A direção de A 5º Onda ficou com o novato J. Blakeson. Este é apenas o seu quarto filme, sendo este o segundo longa. Blakeson costuma ser, geralmente, roteirista e três dos setes que escreveu, também, foram dirigidos por ele. Apesar da pouca experiência, ele, aparentemente, não causou grandes prejuízos e fez, até então, um bom trabalho. O longa, como um todo, é bem feito. Entretanto, quem espera um filme alucinadamente frenético, ficará decepcionado. Porque existe um equilíbrio entre ação, romance e reflexão, este existente para justificar motivações de alguns personagens.

A fotografia do filme, também, esta boa. Esta parte ficou sob a responsabilidade do equatoriano Enrique Chediak. “Coincidentemente”, ele também é responsável pela cinematografia de Maze Runner: Correr ou Morrer. A combinação do trabalho dele com os efeitos especiais criou cenas plasticamente bonitas e que fazem todo o sentido na história. Por exemplo, várias que rementem a visão dos possíveis invasores e uma de luta em particular está muito bem filmada porque a cena é durante a noite, em uma floresta fechada e, também, no interior de um carro. Situações nas quais a filmagem tem que ser bem pensada.

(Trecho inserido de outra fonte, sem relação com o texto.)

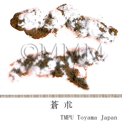 | 備考 | 茅朮(毛朮,漢蒼朮)は A. lancea ホソバオケラ(湖北,江西,江蘇省などに産す),津蒼朮(山蒼朮)は A. chinensis シナオケラ(河北,河南,山西省に産す),北鮮蒼朮は A. koreana Kitam. (= A. lancea DC. var. simplicifolia Kitam.) ナンマンオケラ(吉林,遼寧省,朝鮮半島北部に産す),韓蒼朮は A. japonica Koidz. オケラ(中国東北地方,朝鮮半島,日本に産す)である.江蘇省茅山産の茅朮は品質のよいものとして特に有名である.精油成分が蒼朮の表面に,白色の綿状に析出し,カビと見誤ることが多いが,beta-Eudesmol と Hinesol の混晶であり,良質のものである証拠である. 近年,精油成分の特徴から,A. lancea には茅山型,湖北・安徽型,大別山型があり,A. chinensis には北部型と南部型があることが報告されている.A. lancea, A. chinensis, A. koreana に由来する蒼朮は Atractylodin を共通して含み,これを含まない A. japonica 及び A. ovata 由来の白朮とは明瞭に区別される. | |||||
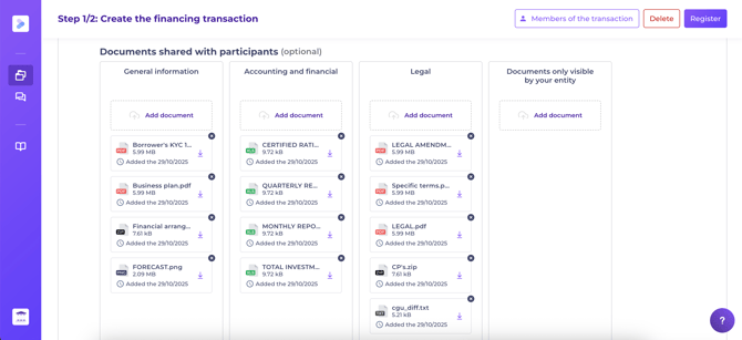 - Creating the financing deal : enter essential information such as transaction name, amount, upload documentation and the term sheet, etc.—to provide context for your stakeholders.

Paul Rubell, de Transformers: A Era da Extinção, faz um bom trabalho de edição. Rubell dá gás à história quando é necessário, como na cena de luta na floresta a noite e nas passadas em uma das áreas metropolitanas atacadas, também, à noite. Mas sabe quando ser mais lento e deixar o expectador perceber o que era necessário ser visto em um determinado momento. Assim, como o compositor da trilha sonora, o britânico Henry Jackman, que sabe criar expectativa com a sua música nos momentos certos. A edição e mixagem de som também merece destaque neste filme.

Os atores não fazem feio. Não há nenhum que ali, entre Chloe Grace Moretz, Nick Robinson, Zackary Arthur, Liev Schreiber e Alex Roe que deixe a desejar no que é necessário nos seus personagens. Talvez, Alex Roe poderia ser um pouco mais expressivo, mas isto parece ser uma característica de personagens como o que ele interpreta. Liev Schreiber está confortável no papel do mandão, porque é um tipo de personagem que ele está acostumado a fazer. O destaque positivo fica para os mais jovens desta turma Chlöe e Zackary. Ela, apesar dos 18 anos, parece ser uma veterana atriz norte-americana de tanto filmes em que já atuou e Zackary é um criança que se tiver uma família que o ajude, ao invés de atrapalhá-lo, se quiser, poderá ter uma carreira no indústria do cinema.

Percebe-se como a Columbia Pictures/Sony se cercaram de profissionais com certa experiência nesse tipo de filme para poder fazer a melhor versão possível do livro de Yancey. Entretanto, pode ser que o frenesi das franquias de adolescentes tenha passado e esta, até não faça feio nas bilheterias em casa e pelo mundo, mas não se torne o sucesso esperada pelo estúdios que a produziram.